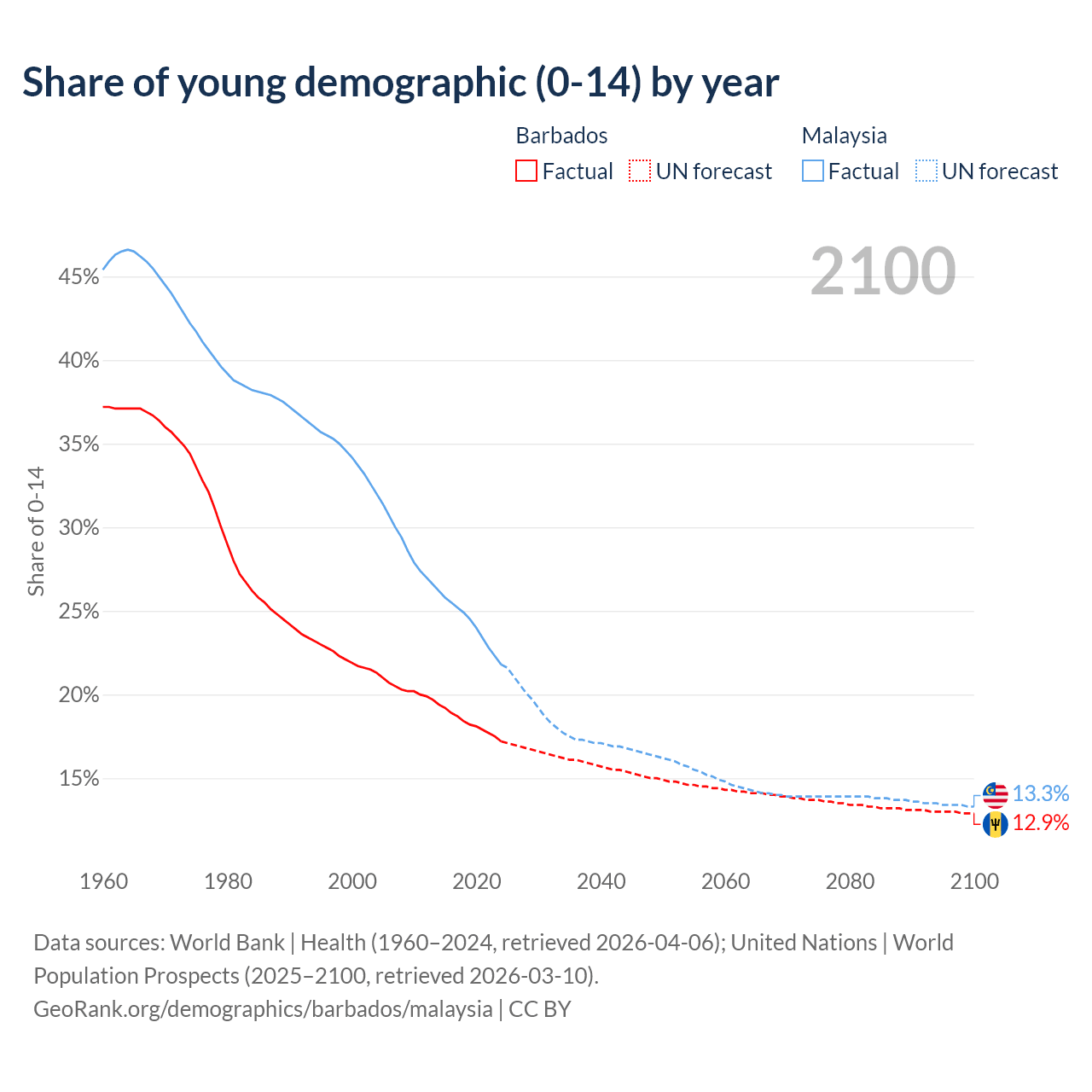 - The share of young demographic (0-15 years old) in Barbados is 17.2% vs 21.8% in Malaysia.
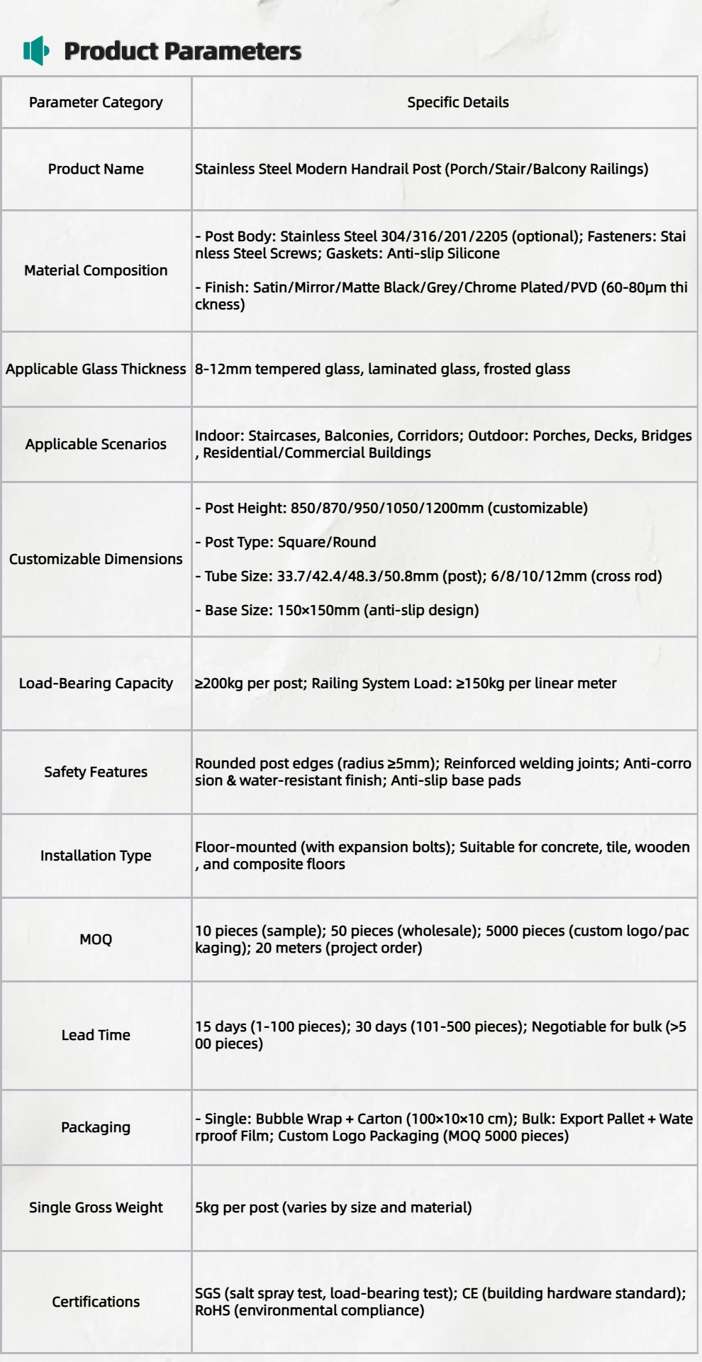 Square/Round Versatile Design: Offers square and round post options with tube sizes 33.7-50.8mm—fits modern, minimalist, and luxury decor. Compatible with 8-12mm tempered/laminated glass, adapting to
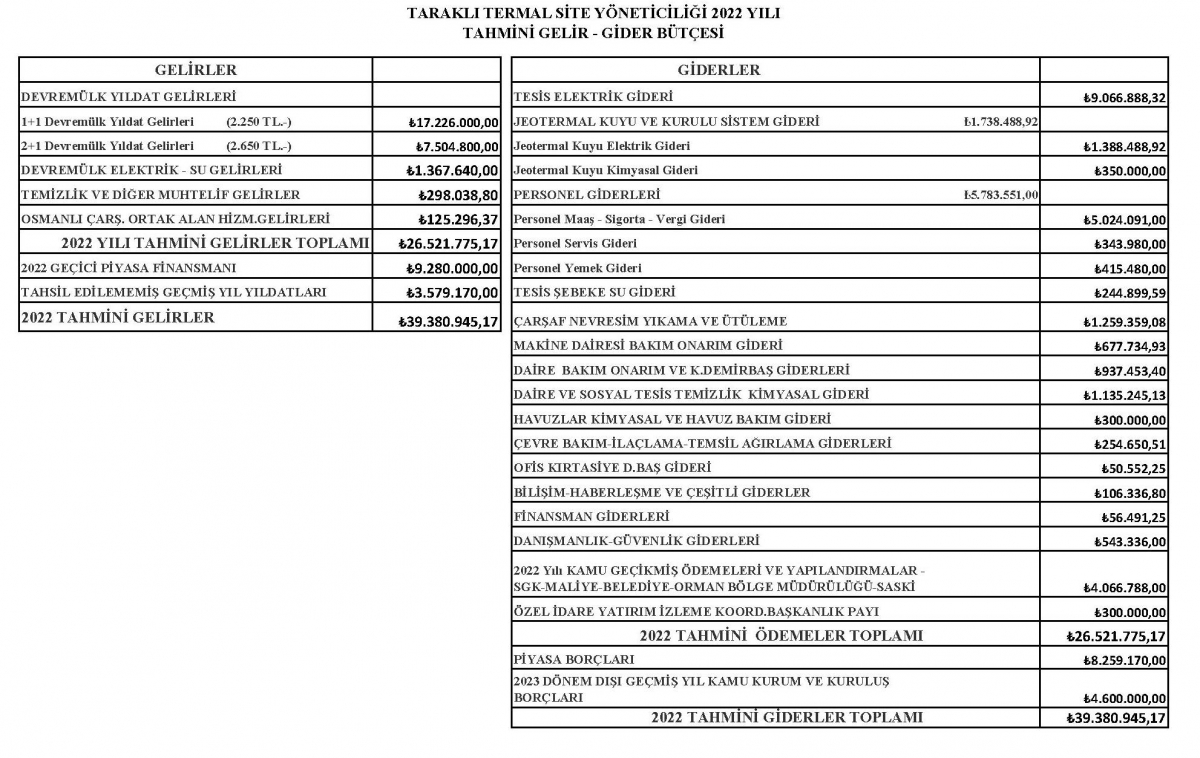 Taraklı Termal Site Yöneticiliği 2022 yılı gerçekleşmiş gelir-gider tablosu ve 2023 yılı tahmini gelir-gider tablosu
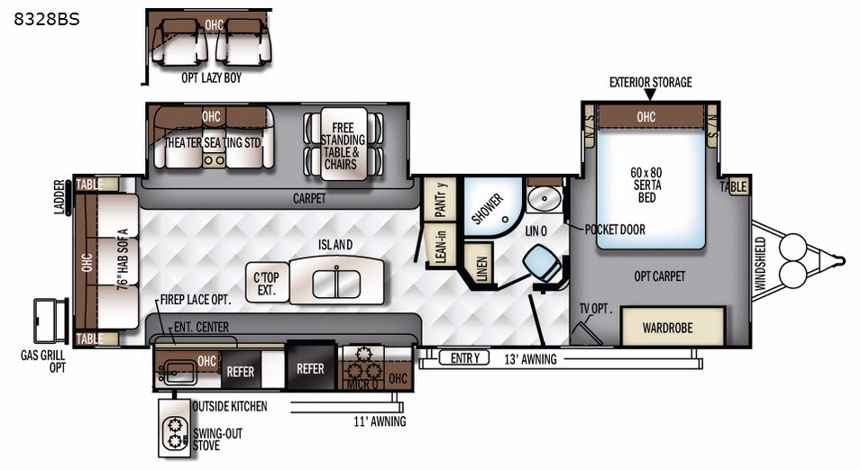 Along the rear wall you will find a 76" hide-a-bed sofa with overhead cabinets, and two end tables. Adjacent enjoy standard theater seating for two with storage above in a slide out along with a free standing table including four chairs. You can also choose Lazy Boy brand recliners if you like. Don't forget to enjoy the entertainment center on the end of the kitchen slide out along the curb side wall. There is even a fireplace option available.

* PROBLEM REQUIREMENTS:
What you produce must match the listing word for word, with no images in it.

* RESPONSE TO THIS EXERCISE:
 - The share of young demographic (0-15 years old) in Barbados is 17.2% vs 21.8% in Malaysia.
 Square/Round Versatile Design: Offers square and round post options with tube sizes 33.7-50.8mm—fits modern, minimalist, and luxury decor. Compatible with 8-12mm tempered/laminated glass, adapting to
 Taraklı Termal Site Yöneticiliği 2022 yılı gerçekleşmiş gelir-gider tablosu ve 2023 yılı tahmini gelir-gider tablosu
 Along the rear wall you will find a 76" hide-a-bed sofa with overhead cabinets, and two end tables. Adjacent enjoy standard theater seating for two with storage above in a slide out along with a free standing table including four chairs. You can also choose Lazy Boy brand recliners if you like. Don't forget to enjoy the entertainment center on the end of the kitchen slide out along the curb side wall. There is even a fireplace option available.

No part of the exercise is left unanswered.